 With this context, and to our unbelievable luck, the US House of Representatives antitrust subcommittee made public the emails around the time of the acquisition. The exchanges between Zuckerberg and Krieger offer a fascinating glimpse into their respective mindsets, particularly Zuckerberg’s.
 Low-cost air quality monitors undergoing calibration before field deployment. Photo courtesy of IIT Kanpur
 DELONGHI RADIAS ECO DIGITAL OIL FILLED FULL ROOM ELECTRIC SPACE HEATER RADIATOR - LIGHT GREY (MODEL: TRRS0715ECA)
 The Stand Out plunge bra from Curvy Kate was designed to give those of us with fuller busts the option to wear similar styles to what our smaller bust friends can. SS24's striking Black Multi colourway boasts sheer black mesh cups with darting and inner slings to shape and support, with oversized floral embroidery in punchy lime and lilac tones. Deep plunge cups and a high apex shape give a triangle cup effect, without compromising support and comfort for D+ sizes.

=-=-=

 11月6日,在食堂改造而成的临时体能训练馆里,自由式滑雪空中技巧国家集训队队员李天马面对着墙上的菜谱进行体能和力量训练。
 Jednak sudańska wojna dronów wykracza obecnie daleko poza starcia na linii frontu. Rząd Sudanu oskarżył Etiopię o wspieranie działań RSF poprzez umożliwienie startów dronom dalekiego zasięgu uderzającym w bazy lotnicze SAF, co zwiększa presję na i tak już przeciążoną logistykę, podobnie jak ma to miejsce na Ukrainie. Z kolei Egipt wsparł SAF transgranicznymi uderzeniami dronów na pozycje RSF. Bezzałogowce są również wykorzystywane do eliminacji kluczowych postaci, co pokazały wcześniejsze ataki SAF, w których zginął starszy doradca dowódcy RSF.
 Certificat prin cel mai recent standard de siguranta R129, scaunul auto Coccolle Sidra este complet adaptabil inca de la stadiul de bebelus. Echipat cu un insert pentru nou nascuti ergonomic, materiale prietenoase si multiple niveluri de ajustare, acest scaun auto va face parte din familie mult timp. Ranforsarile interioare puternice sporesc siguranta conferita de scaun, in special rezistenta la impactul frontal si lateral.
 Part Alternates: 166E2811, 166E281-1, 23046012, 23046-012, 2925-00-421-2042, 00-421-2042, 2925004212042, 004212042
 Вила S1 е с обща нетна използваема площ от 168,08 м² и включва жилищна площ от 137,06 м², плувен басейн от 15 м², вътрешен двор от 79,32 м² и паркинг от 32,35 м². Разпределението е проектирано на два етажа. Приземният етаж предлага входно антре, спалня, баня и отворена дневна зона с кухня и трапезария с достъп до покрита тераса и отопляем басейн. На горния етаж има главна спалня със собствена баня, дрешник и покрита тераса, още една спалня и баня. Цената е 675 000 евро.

=-=-=

The task =>
Within the listing above, the range opens at the line with "Low-cost air quality" and closes at the line with "DELONGHI RADIAS ECO". Reproduce exactly the lines of that range, including both ends.

Task solution =>
 Low-cost air quality monitors undergoing calibration before field deployment. Photo courtesy of IIT Kanpur
 DELONGHI RADIAS ECO DIGITAL OIL FILLED FULL ROOM ELECTRIC SPACE HEATER RADIATOR - LIGHT GREY (MODEL: TRRS0715ECA)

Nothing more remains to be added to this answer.